**Extracted records**
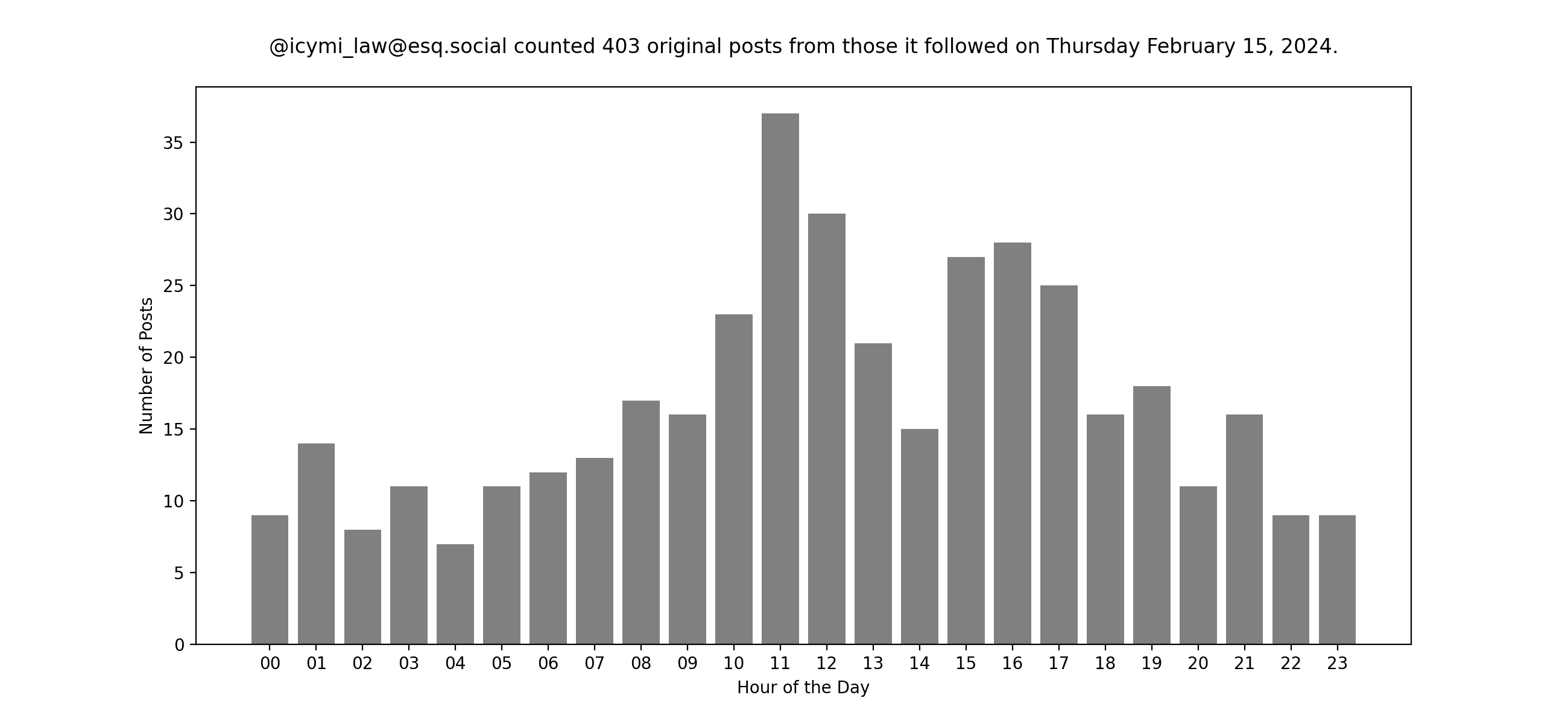 Of course, these insights are all thanks to a community of users, namely the folks I follow over at @icymi_law@esq.social. For fun, here's a look at their posting traffic yesterday. I like trying to create stories about the daily ups and downs. What is that bump? ;)Search
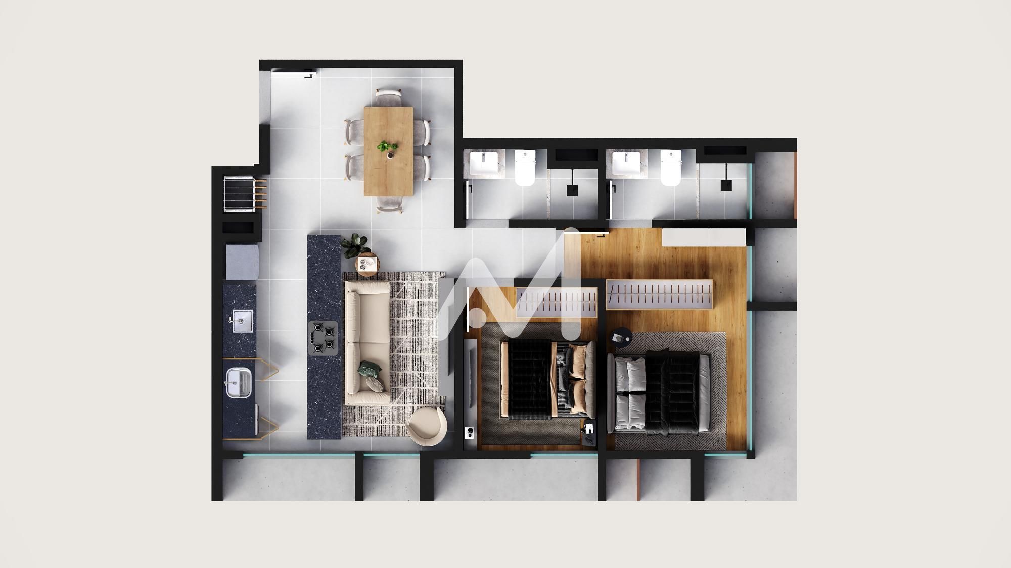 Apartamento com 02 dorm., sendo 01 suíte, sala estar/jantar, cozinha, área de serviço, churrasqueira.
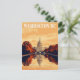 Capture the historical gravitas of Washington D.C., USA, with this striking retro travel postcard. The design beautifully highlights the U.S. Capitol Building reflected in the Capitol Reflecting Pool, framed by autumn-toned trees. The warm, sunset-hued color palette gives the artwork a sophisticated, vintage feel, perfect for celebrating American landmarks or collecting unique capital city art.
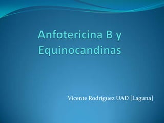 Este documento describe las propiedades de la anfotericina B y las equinocandinas, que son antibióticos antimicóticos. La anfotericina B se obtiene de Streptomyces nodosus y tiene un amplio espectro de actividad contra hongos como Candida y Aspergillus. Su mecanismo de acción implica la unión al ergosterol de la membrana fúngica. Se usa para tratar infecciones micóticas graves pero puede causar nefrotoxicidad. Las equinocandinas inhiben la síntesis de glucano
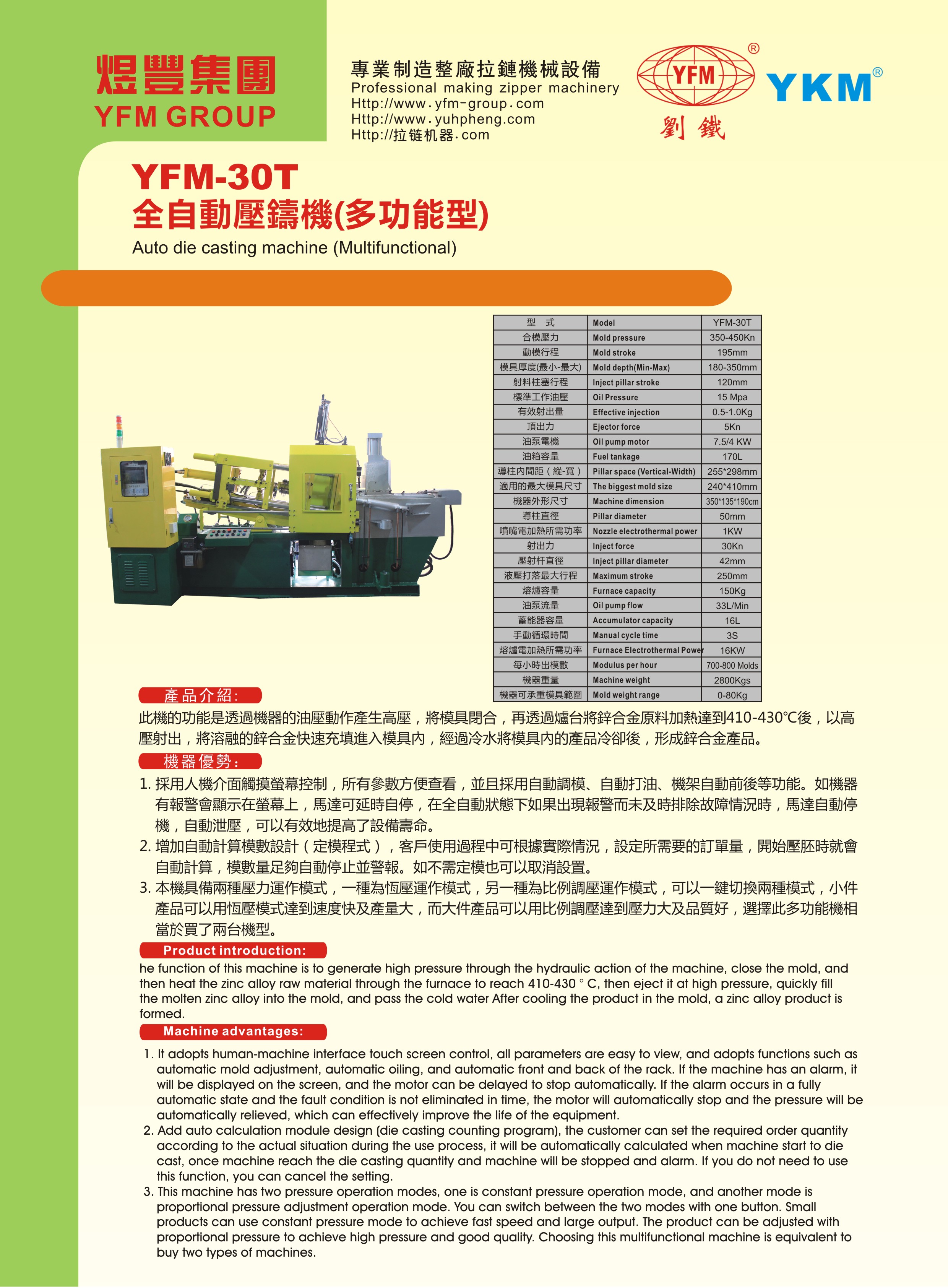 此機(jī)的功能是透過機(jī)器的油壓動(dòng)作產(chǎn)生高壓,將模具閉合,再透過爐臺(tái)將鋅合金原料加熱到410-430°C後,以高壓射出,將溶融的鋅合金快速充填進(jìn)入模具內(nèi),經(jīng)過冷水將模具內(nèi)的產(chǎn)品冷卻後,形成鋅合金產(chǎn)品。
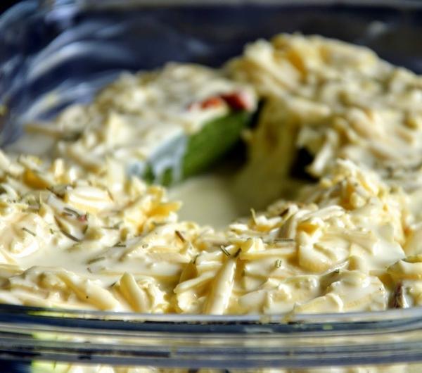 żółty ser. Wszystko znowu mieszamy, przyprawiamy
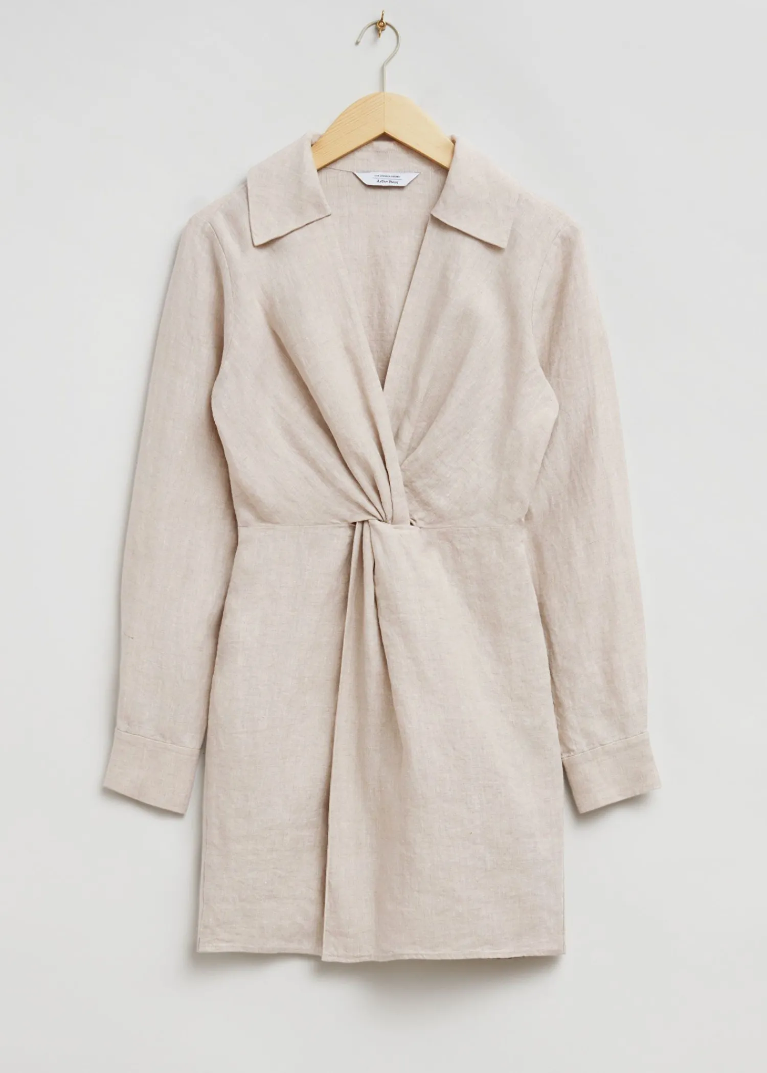 Skjortekjole I Hør Foran Med Knude Lavet Af Hør Med Bomuldsfor. Skåret I En Afslappet, Mini-Stil, Er Denne Kjole Fremhævet Med En Knudedetalje Foran, Der Skaber En Elegant Snoet Effekt. Den Har En Dybtgående V-Udskæring Og Bred Krave, Afsluttet Med En Usynlig Lynlåslukning I Siden Og Manchetter Med Knapper. Kjolens Længde: 84 Cm / 33″ (Eu 36 / Uk 8 / Us 4)
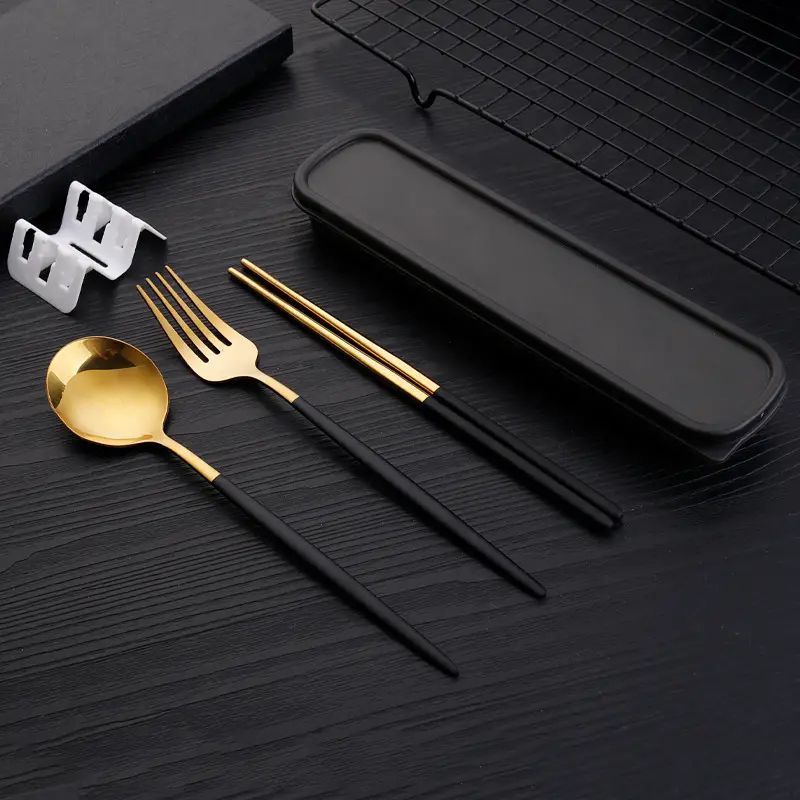 3pcs Thin Portuguese portable stainless steel cutlery chopsticks, forks, spoons, student home outdoor picnic tableware
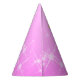 A cute unicorn stands on a colourful rainbow in the clouds, surrounded by pink sparkles. Cute birthday hat for the one year old princess!
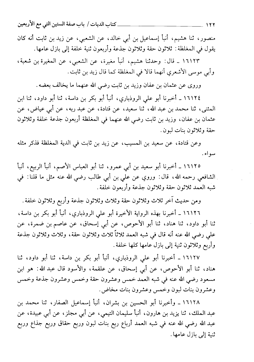 16126 - أَخْبَرَنَا بِهَذِهِ الرِّوَايَةِ الْأَخِيرَةِ أَبُو عَلِيٍّ الرُّوذْبَارِيُّ، أنبأ أَبُو بَكْرِ بْنُ دَاسَةَ، ثنا أَبُو دَاوُدَ، ثنا هَنَّادٌ، ثنا أَبُو الْأَحْوَصِ، عَنْ أَبِي إِسْحَاقَ، عَنْ عَاصِمِ بْنِ ضَمْرَةَ، عَنْ عَلِيٍّ، رَضِيَ اللهُ عَنْهُ، أَنَّهُ قَالَ §فِي شِبْهِ الْعَمْدِ أثَلَاثٌ: ثَلَاثٌ وَثَلَاثُونَ حِقَّةً، وَثَلَاثٌ وَثَلَاثُونَ جَذَعَةً، وَأَرْبَعٌ وَثَلَاثُونَ ثَنِيَّةً إِلَى بَازِلِ عَامِهَا، كُلُّهَا خَلِفَةٌ
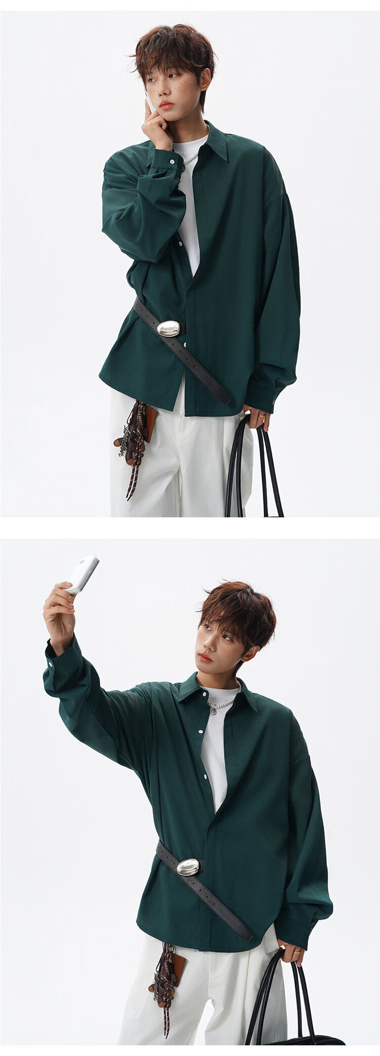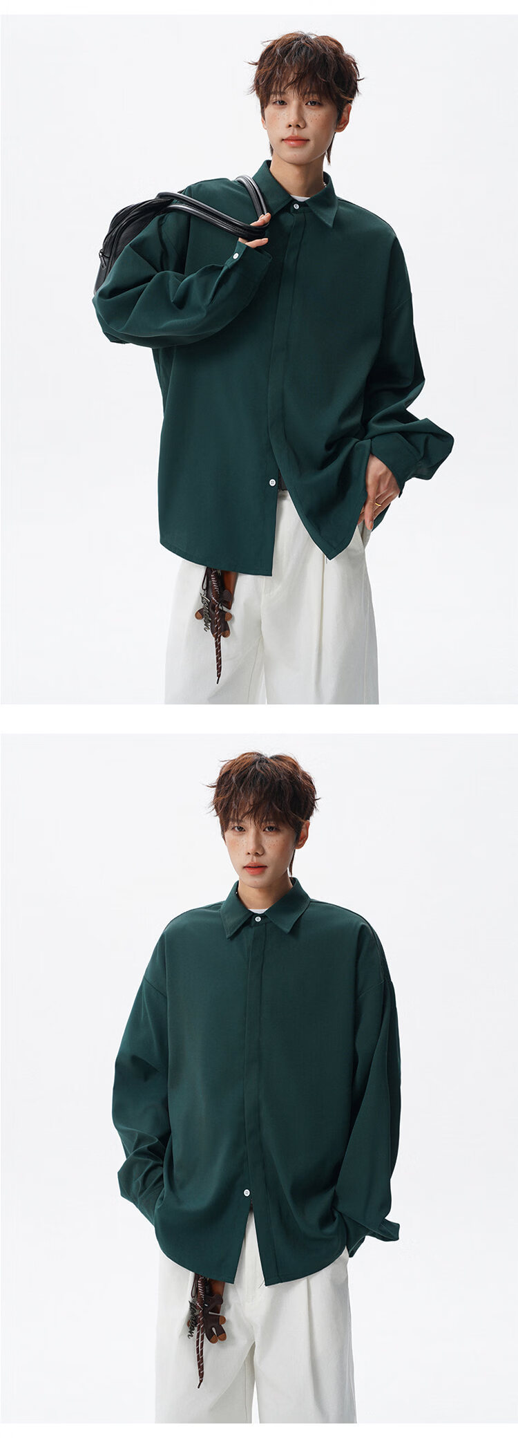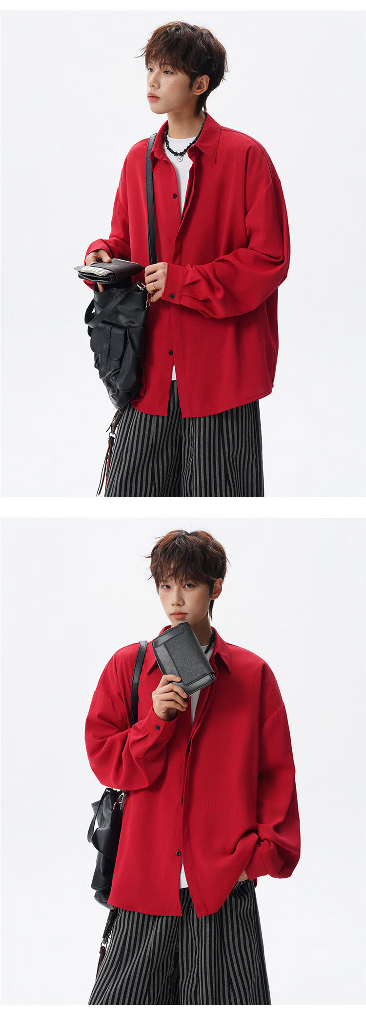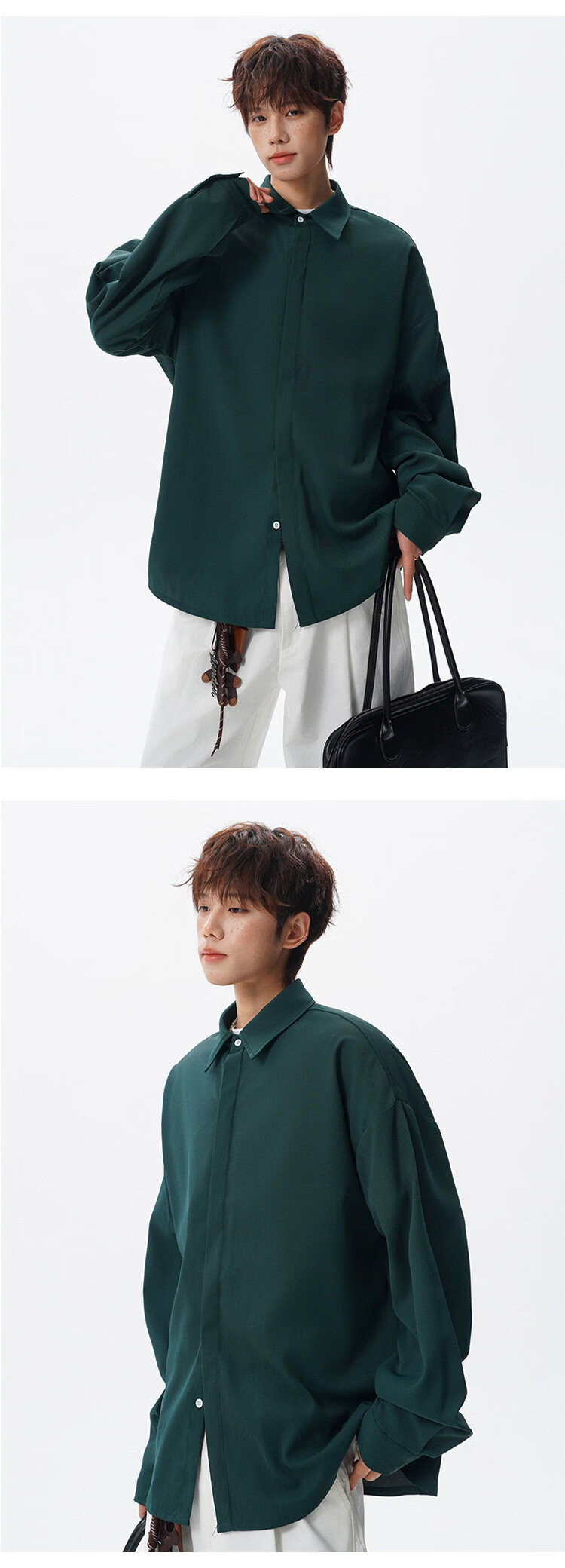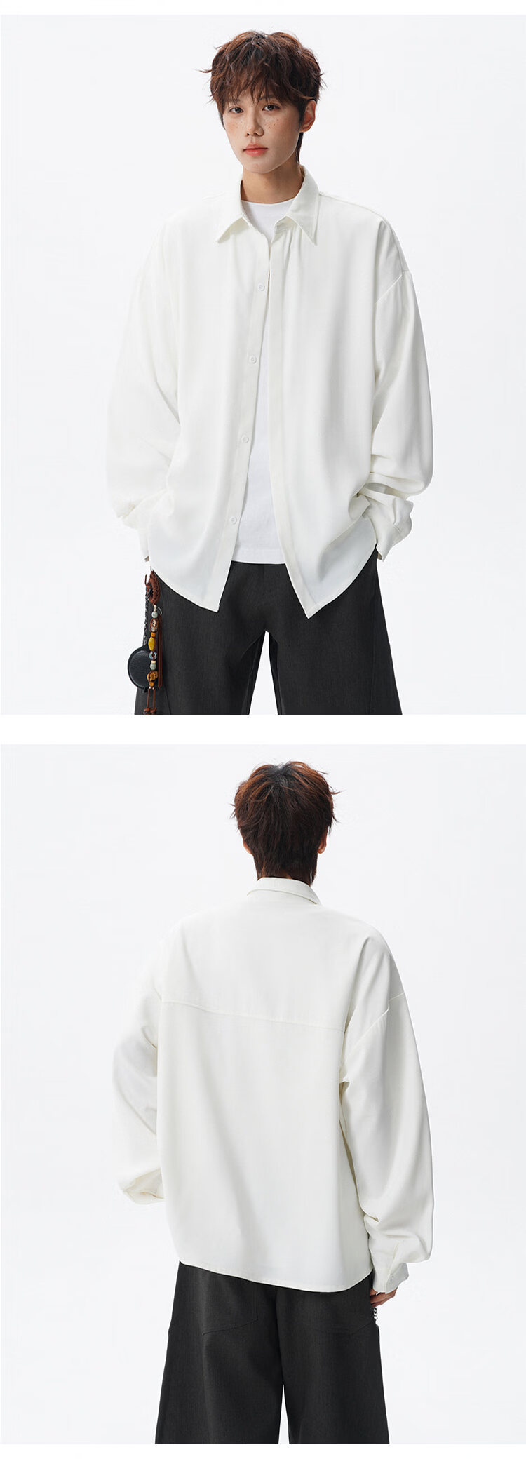 NEW OR MODE韩版垂感冰丝长袖衬衫男士夏季新款美式潮流痞帅宽松凉感衬衣外套 黑色【高品质】 M 【建议90-110斤】

**Task to carry out**
Reproduce the entries above without change, omitting all pictures.

**Output for this task**
 Of course, these insights are all thanks to a community of users, namely the folks I follow over at @icymi_law@esq.social. For fun, here's a look at their posting traffic yesterday. I like trying to create stories about the daily ups and downs. What is that bump? ;)Search
 Apartamento com 02 dorm., sendo 01 suíte, sala estar/jantar, cozinha, área de serviço, churrasqueira.
 Capture the historical gravitas of Washington D.C., USA, with this striking retro travel postcard. The design beautifully highlights the U.S. Capitol Building reflected in the Capitol Reflecting Pool, framed by autumn-toned trees. The warm, sunset-hued color palette gives the artwork a sophisticated, vintage feel, perfect for celebrating American landmarks or collecting unique capital city art.
 Este documento describe las propiedades de la anfotericina B y las equinocandinas, que son antibióticos antimicóticos. La anfotericina B se obtiene de Streptomyces nodosus y tiene un amplio espectro de actividad contra hongos como Candida y Aspergillus. Su mecanismo de acción implica la unión al ergosterol de la membrana fúngica. Se usa para tratar infecciones micóticas graves pero puede causar nefrotoxicidad. Las equinocandinas inhiben la síntesis de glucano
 此機(jī)的功能是透過機(jī)器的油壓動(dòng)作產(chǎn)生高壓,將模具閉合,再透過爐臺(tái)將鋅合金原料加熱到410-430°C後,以高壓射出,將溶融的鋅合金快速充填進(jìn)入模具內(nèi),經(jīng)過冷水將模具內(nèi)的產(chǎn)品冷卻後,形成鋅合金產(chǎn)品。
 żółty ser. Wszystko znowu mieszamy, przyprawiamy
 Skjortekjole I Hør Foran Med Knude Lavet Af Hør Med Bomuldsfor. Skåret I En Afslappet, Mini-Stil, Er Denne Kjole Fremhævet Med En Knudedetalje Foran, Der Skaber En Elegant Snoet Effekt. Den Har En Dybtgående V-Udskæring Og Bred Krave, Afsluttet Med En Usynlig Lynlåslukning I Siden Og Manchetter Med Knapper. Kjolens Længde: 84 Cm / 33″ (Eu 36 / Uk 8 / Us 4)
 3pcs Thin Portuguese portable stainless steel cutlery chopsticks, forks, spoons, student home outdoor picnic tableware
 A cute unicorn stands on a colourful rainbow in the clouds, surrounded by pink sparkles. Cute birthday hat for the one year old princess!
 16126 - أَخْبَرَنَا بِهَذِهِ الرِّوَايَةِ الْأَخِيرَةِ أَبُو عَلِيٍّ الرُّوذْبَارِيُّ، أنبأ أَبُو بَكْرِ بْنُ دَاسَةَ، ثنا أَبُو دَاوُدَ، ثنا هَنَّادٌ، ثنا أَبُو الْأَحْوَصِ، عَنْ أَبِي إِسْحَاقَ، عَنْ عَاصِمِ بْنِ ضَمْرَةَ، عَنْ عَلِيٍّ، رَضِيَ اللهُ عَنْهُ، أَنَّهُ قَالَ §فِي شِبْهِ الْعَمْدِ أثَلَاثٌ: ثَلَاثٌ وَثَلَاثُونَ حِقَّةً، وَثَلَاثٌ وَثَلَاثُونَ جَذَعَةً، وَأَرْبَعٌ وَثَلَاثُونَ ثَنِيَّةً إِلَى بَازِلِ عَامِهَا، كُلُّهَا خَلِفَةٌ
 NEW OR MODE韩版垂感冰丝长袖衬衫男士夏季新款美式潮流痞帅宽松凉感衬衣外套 黑色【高品质】 M 【建议90-110斤】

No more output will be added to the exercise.